Highlighting the collective nature of aspirations contests notions which “reifies the individual migrant as a decision maker who chooses to migrate in a relatively autonomous or individualistic way” (Collins, 2018). To examine this individualistic-collective dichotomy of migration decision making, I turn to Carling’s (Carling & Collins, 2017; Carling & Schewel, 2017; Carling, 2002) aspiration/ability model. The model distinguishes involuntary non-migrants (those who aspire to migrate but lack the ability to do so) from voluntary non-migrants (those without migration aspirations who would prefer to stay). Those who migrate, the model suggests, are those with both the aspiration and the ability to do so—in other words voluntary migrants. What the model doesn’t seem to allow for, however, is the fourth quadrant of the aspiration/ability spectrum: involuntary migrants (those who do not aspire to migrate yet have the ability to do so, and do). In the context of the current influx of asylum seekers into Europe, what needs to be highlighted is the involuntary nature of much of this migration. Not only are many forced to leave due to circumstances beyond their control (for example, war, torture and other violent atrocities), we similarly need to bear in mind the collective nature of aspirations: often entire communities take the decision to pool resources in order for one individual to migrate in order to eventually be able to financially support those back home. The extent to which this would be a voluntary or involuntary decision to migrate on the part of the individual would appear to fall along a much more nuanced continuum than that for which dichotomous categories would allow.

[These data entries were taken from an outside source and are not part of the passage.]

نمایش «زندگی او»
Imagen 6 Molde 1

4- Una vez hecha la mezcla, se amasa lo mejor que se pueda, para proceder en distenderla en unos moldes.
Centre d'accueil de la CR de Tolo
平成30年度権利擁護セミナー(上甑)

The theoretical background of sociocultural psychology allows for an exploration of these nuances—of the ever-changing and dynamic development of aspirations over time, and within sociocultural context. It evokes a methodology incorporating an exploration not only of the subjective perspective, but also the dynamics by which the social and cultural environment guide and enable the person’s development (Zittoun, 2017). Of particular interest in this study is the way in which aspirations are influenced by the encompassing fabric of the cultural collective, related both to the country of origin as well as the Greek context of protracted displacement and a liminal permanent temporariness.

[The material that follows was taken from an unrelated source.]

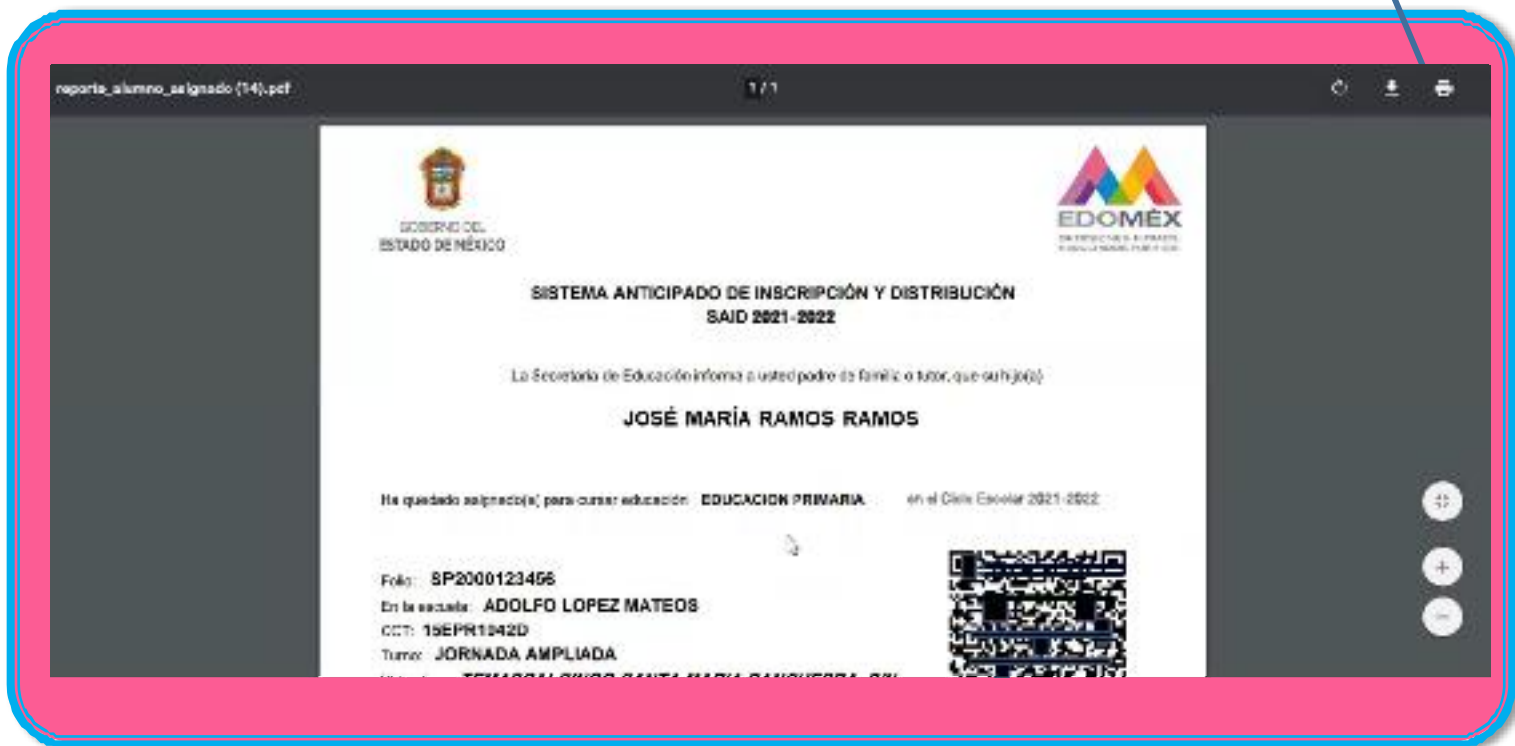
Imagen 4 Detalle Comprobante de Asignación.

Case Study: Collective Aspirations of Refugees in Europe

In order to explore the aspirations of refugee communities within the Greek context, a case study is presented which is taken from a larger yearlong research project I conducted among asylum seekers and refugees in a center for victims of torture in Athens. This research involved 3 months of participant observation in the centre (including attending daily team meetings and co-facilitating sessions with the beneficiaries). Furthermore, 125 in-depth, qualitative interviews with refugees, health professionals, interpreters, and refugee community leaders across Athens. In particular, multiple qualitative interviews were conducted with 10 individual refugee victims of torture, identified as suitable participants by the health professionals of the centre. These individuals were followed over the course of a year, with an average of five in-depth qualitative interviews being conducted with each participant, in order to explore their subjective experiences of integration and their aspirations for the future. All interviews were conducted in French or English without the assistance of a translator. 64 health professionals and community leaders were also interviewed, including religious leaders, leaders of refugee associations as well as doctors, psychologists, social workers and cultural mediators working with this population.

Analysis

To analyse the data, emphasis was placed on the importance of non-linear temporality in the context of individual’s changing subjective current realities—as they weave together images of the past, present and future. Thus, the focus was on the ever-changing subjective constellations surrounding aspirations—namely those of the refugee victims of torture who participated in the research. This includes tracking the processes of change in aspirations as individuals configured, reconfigured, and made meaning of their new realities encountered in Greece. Such an approach highlights the societal, institutional, and individual conditions that form and shape individual aspirations, which is understood as constantly changing as the individuals moves across countries, societies, and institutions (Adams & Fleer, 2017).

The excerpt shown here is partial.